Minister without Portfolio Responsible for Calgary affairs
- In office March 1975 – March 1979

Minister of Government Services
- In office March 1979 – November 1982
- Preceded by: Horst Schmid
- Succeeded by: Pat Nelson

Personal details
- Born: Stewart Alden McCrae December 30, 1929 Gladstone, Manitoba
- Died: September 2, 2015 (aged 85) Calgary, Alberta
- Party: Progressive Conservative

= Stewart McCrae (politician) =

Canadian politician

Stewart Alden McCrae (December 30, 1929 - September 2, 2015) was a provincial level politician from Alberta, Canada. He served as a member of the Legislative Assembly of Alberta from 1973 to 1982 sitting with the governing Progressive Conservative caucus. During his time in office he served a couple different cabinet portfolio's in the Peter Lougheed government.

==Early life==
Stewart Alden McCrae was born in 1929 and raised in Gladstone, Manitoba.

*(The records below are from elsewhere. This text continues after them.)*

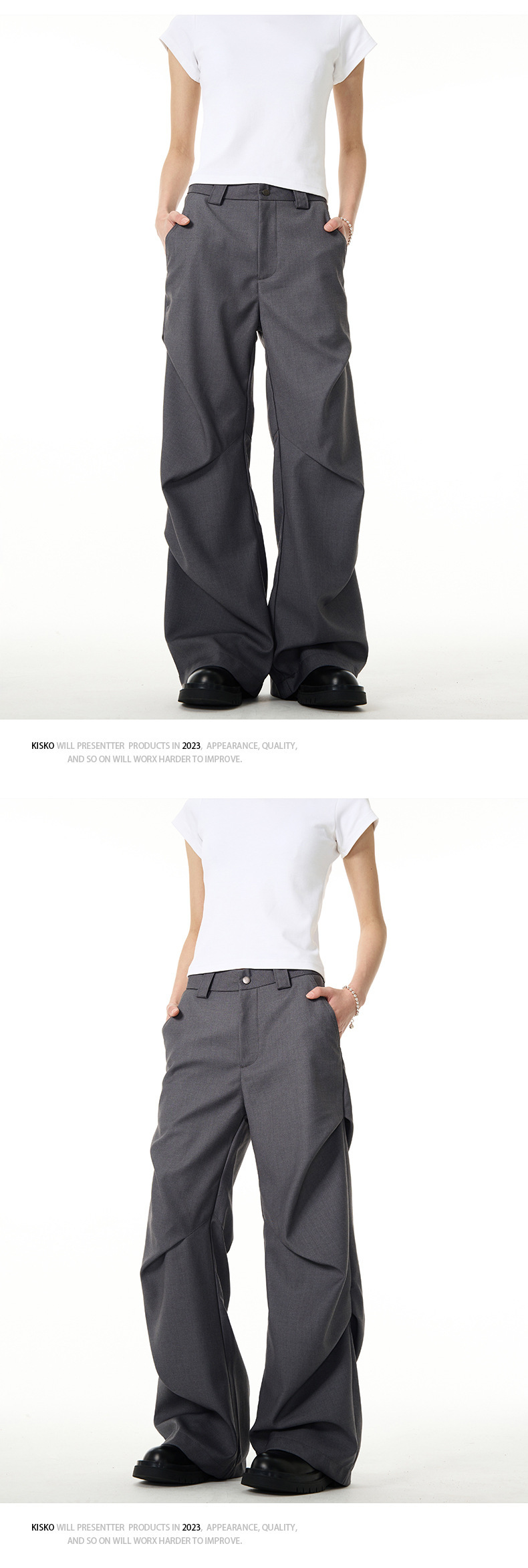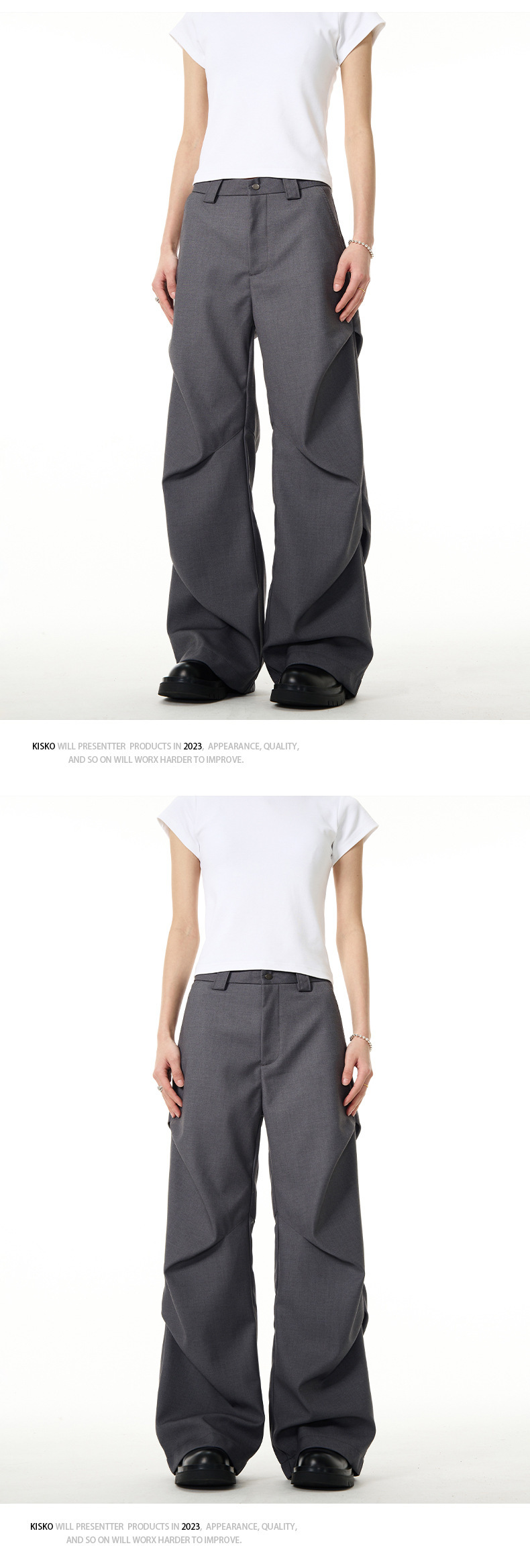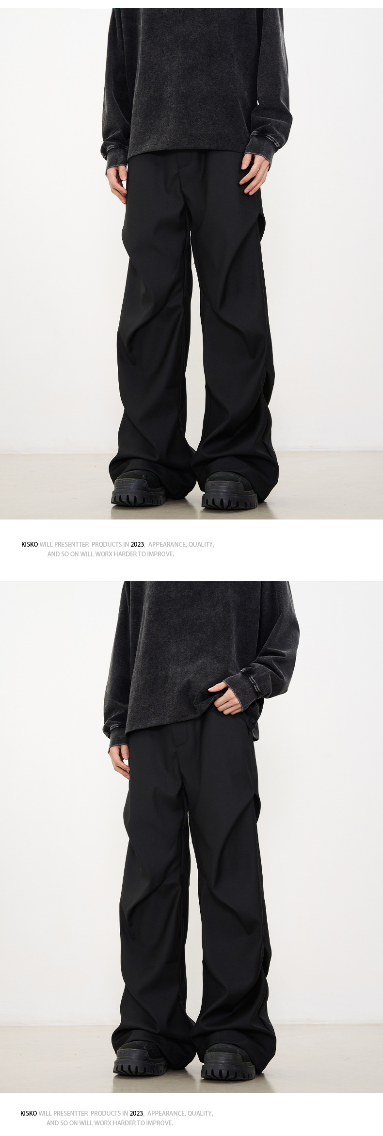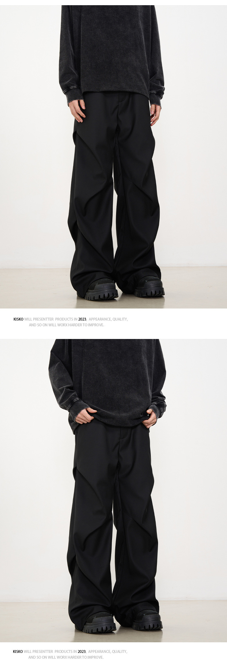 미국식 틈새 주름 걸레 캐주얼 바지 남성 봄과 가을 새로운 하이 엔드 루즈 스트레이트 바지
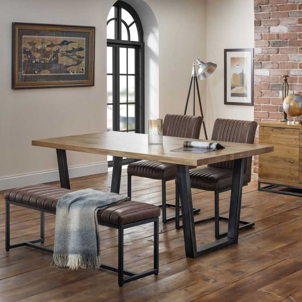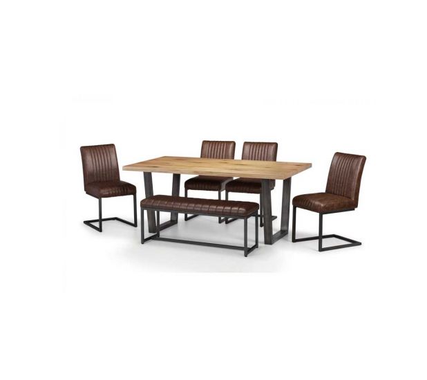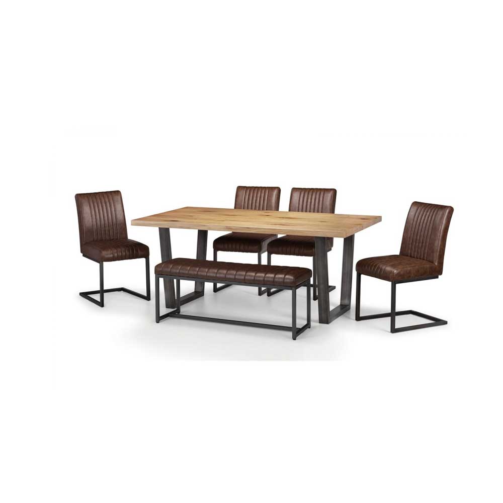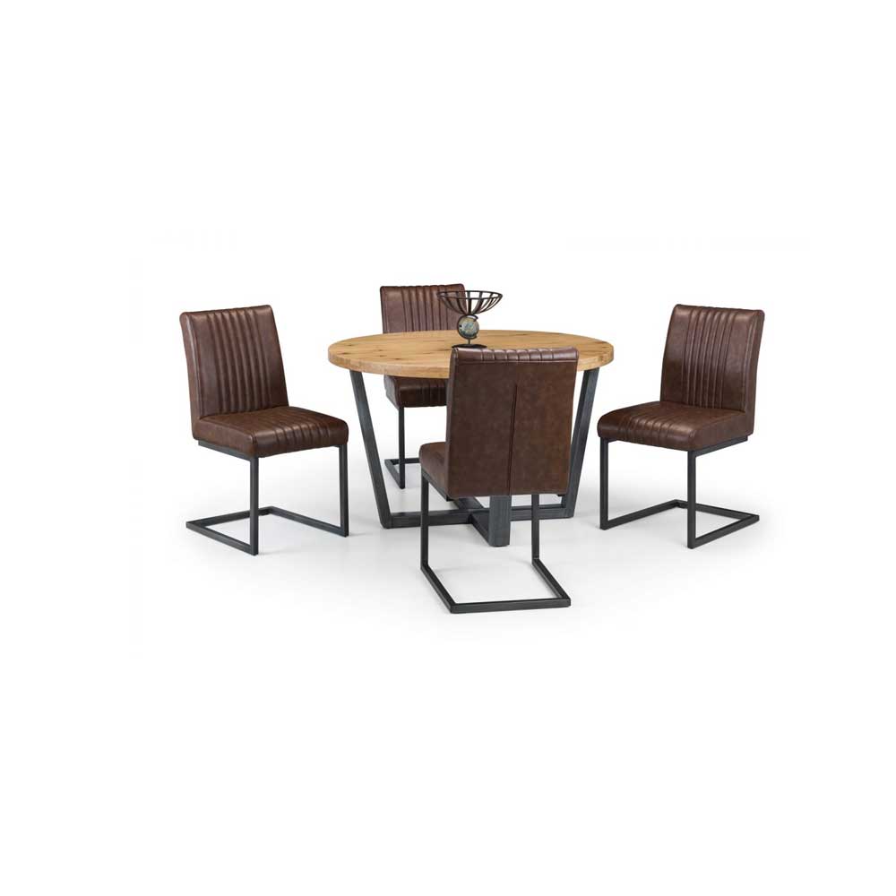 The Brook Dining Chair has an industrial, retro design in a vintage brown faux leather finish with a cantilever style gunmetal leg frame. Offering maximum comfort and style, this padded chair beautifully accompanies the Brook Dining Table.
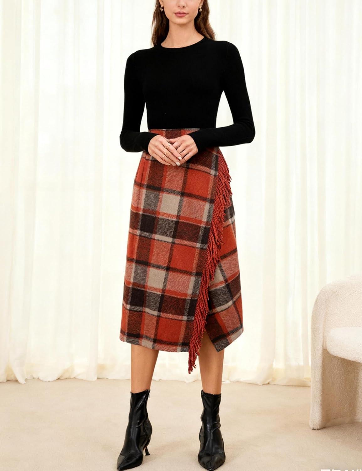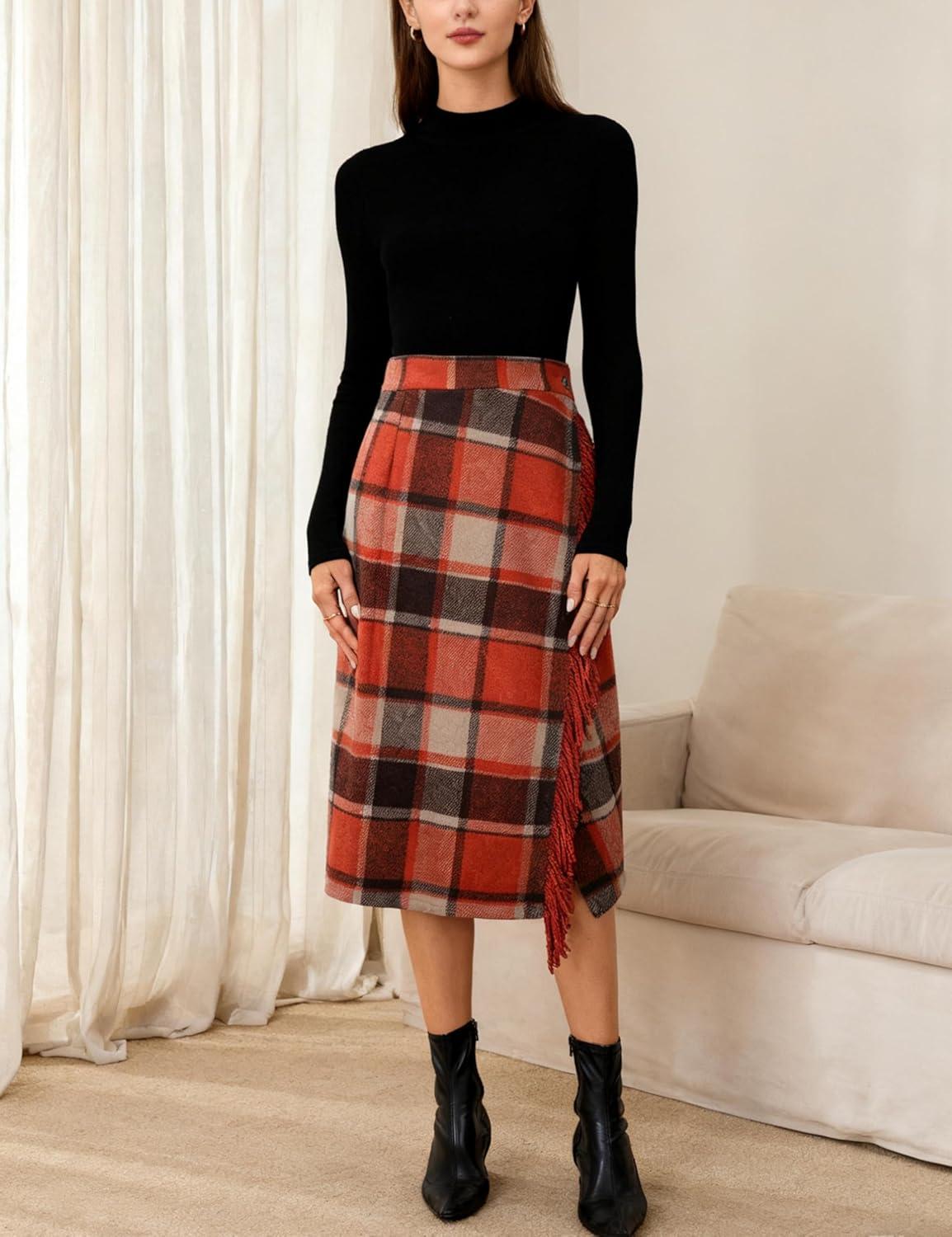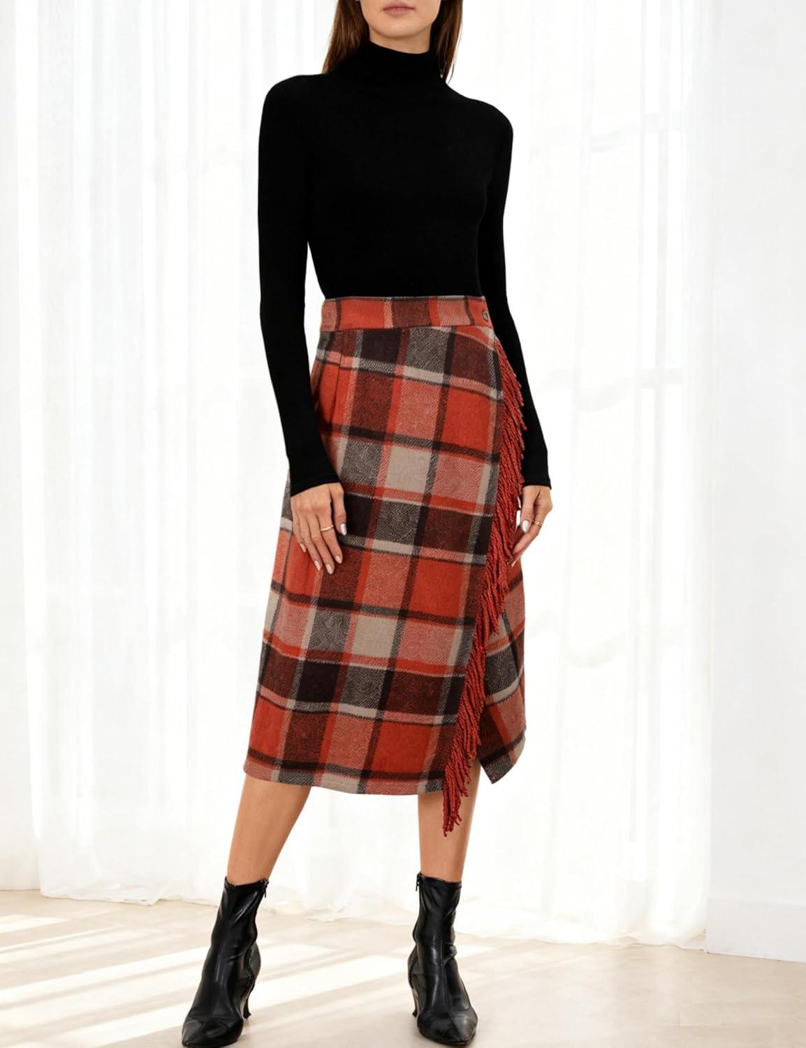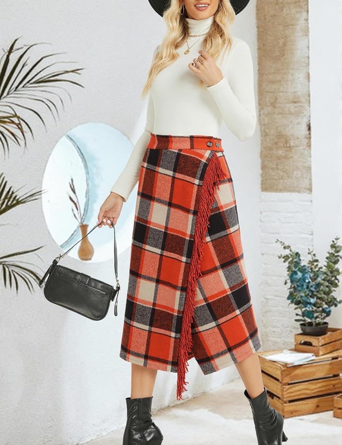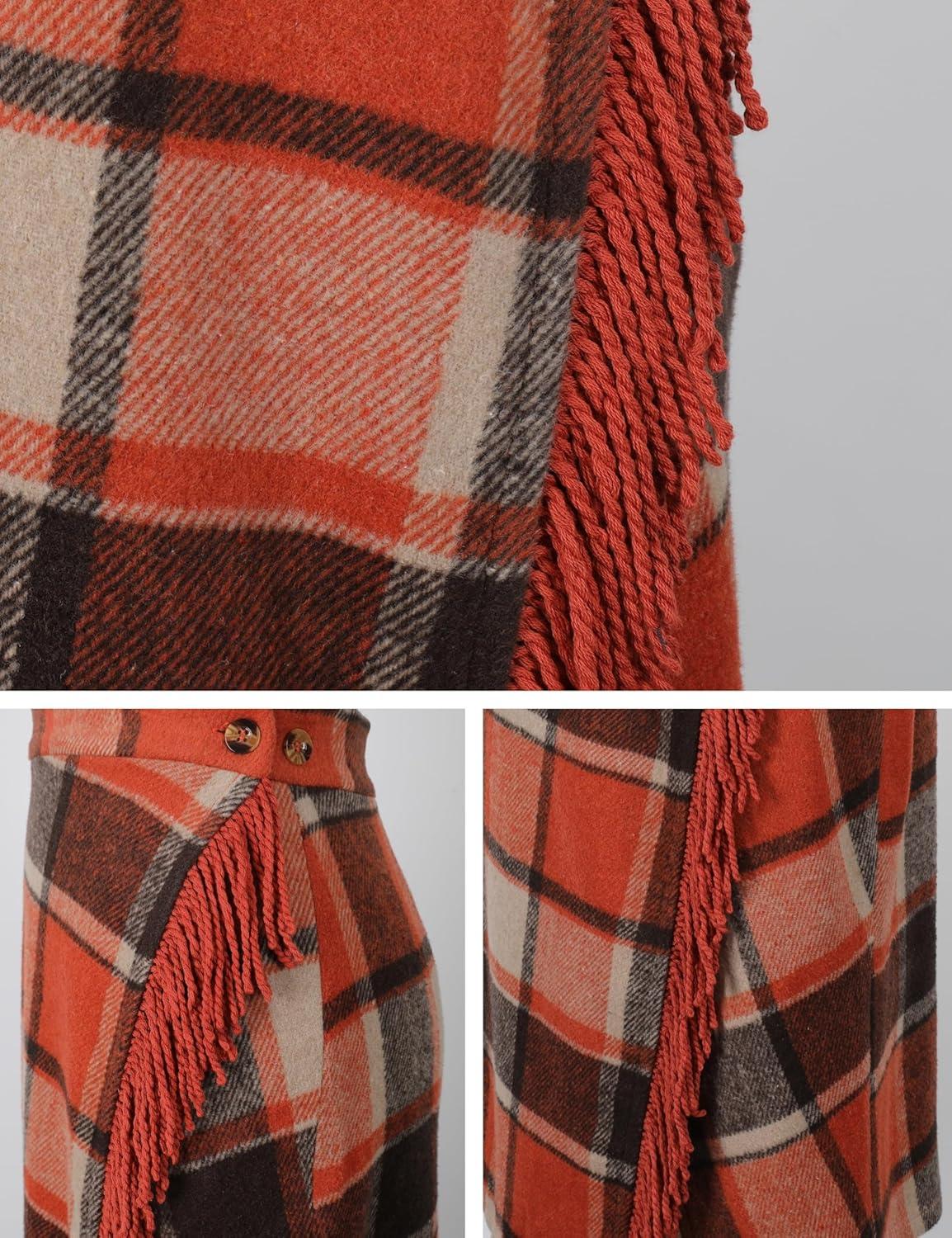 Tanming Womens Plaid Fringed Midi Skirt A Line Warm Wool Wrap Skirt Fall Winter Tartan Dress(Orange)
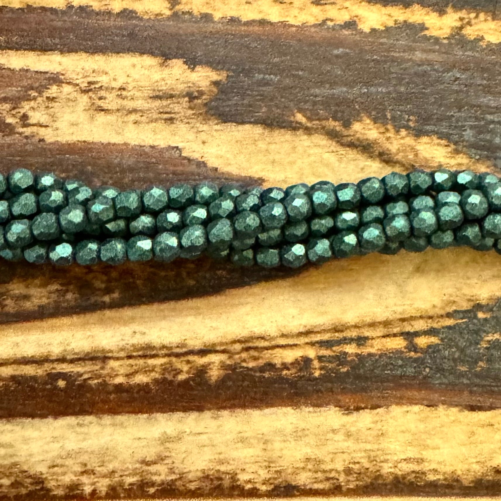 1-03-79051 - Czech Fire Polish Beads, Metallic Suede Lt. Green, 3mm | Strand
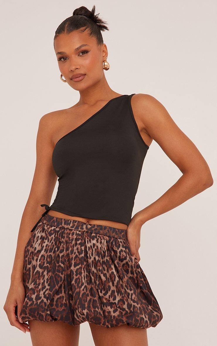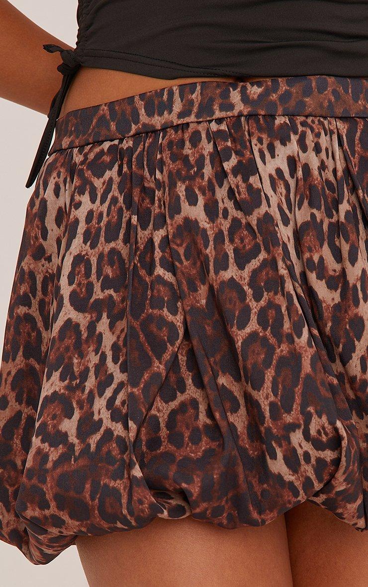 Mid Rise Puffball Mini Skirt In Brown Leopard Print
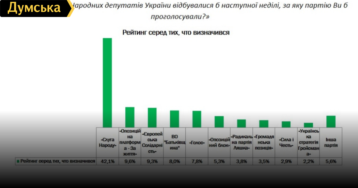 Так, если бы выборы проходили в ближайшее воскресенье, за партию «Слуга народа» проголосовали бы 36,5% опрошенных (42,1% среди тех, кто определился). Второе, третье и четвертое места с разницей в пределах погрешности занимают «Оппозиционная платформа — За жизнь» с результатом 8,3% (9,6% от определившихся), «Европейская Солидарность» — 8,1% (9,3%) и ВО «Батькивщина» 6,9% (8%). Партия «Голос» получила 6,7% голосов (7,8%). «Оппозиционный блок» готовы поддержать 4,6% опрошенных, или 5,3% среди тех, кто определился.
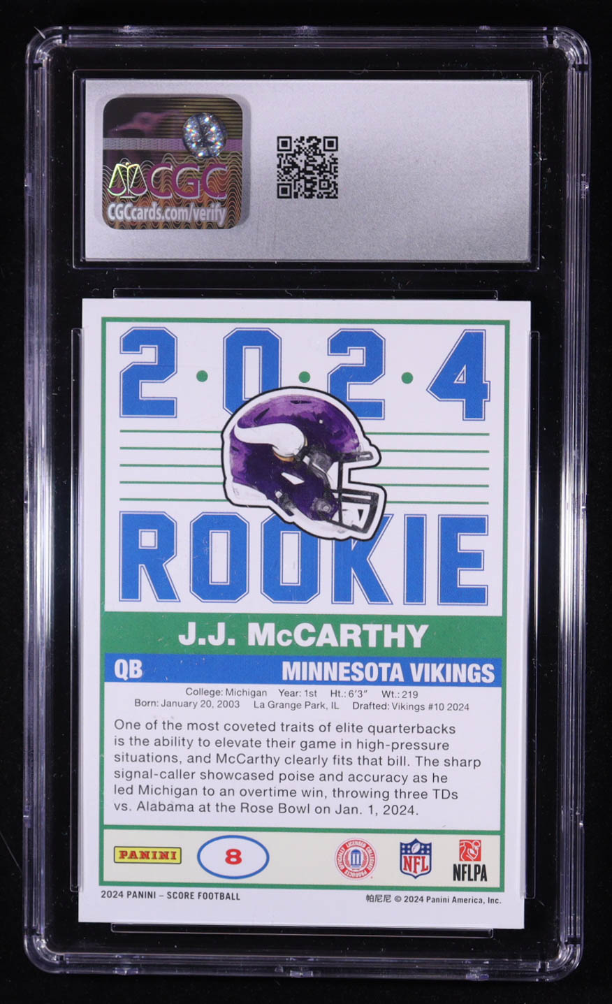 JJ McCarthy 2024 Score 35th Anniversary Rookie #8 RC (CGC 10)
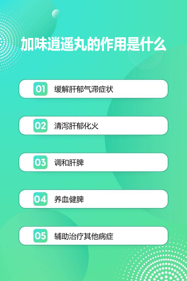 1. 缓解肝郁气滞症状:加味逍遥丸中的柴胡、薄荷等成分具有疏肝理气的作用,可有效缓解肝郁气滞所致的胸胁胀痛、郁闷不舒等症状。同时,对于因情绪不畅引起的头晕目眩、食欲不振、月经不调等也有一定的改善作用。
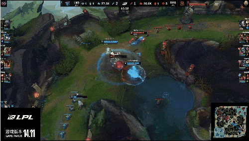 LPL:Zika鳄鱼在野区被抓到,OMG顺势推掉下二塔

He grew up in the province and went to the University of Manitoba to complete his post secondary education, attaining a degree in Law. He articled in Winnipeg, Manitoba at the lawfirm of Tallin & Kristiansen. He moved to Calgary in 1957 and started work as a Division Land Manager for a petroleum company. He had three kids and also served as President of the Brentwood Home and School Association.

==Political career==
McCrae ran for election to the Alberta Legislature in a by-election held in the electoral district of Calgary-Foothills. He defeated Social Credit leader Werner Schmidt and three other candidates in a closely contested race to win his seat. He ran for re-election a couple years later in the 1975 Alberta general election doubling his vote and defeating five other candidates in a landslide.

After the provincial election McCrae was appointed to the Executive Council of Alberta by Premier Peter Lougheed. He became a Minister without Portfolio responsible for Calgary affairs. McRae ran for a third term in the 1979 Alberta general election. His popular vote dropped quite a bit from his 1975 result, he still however won a landslide victory.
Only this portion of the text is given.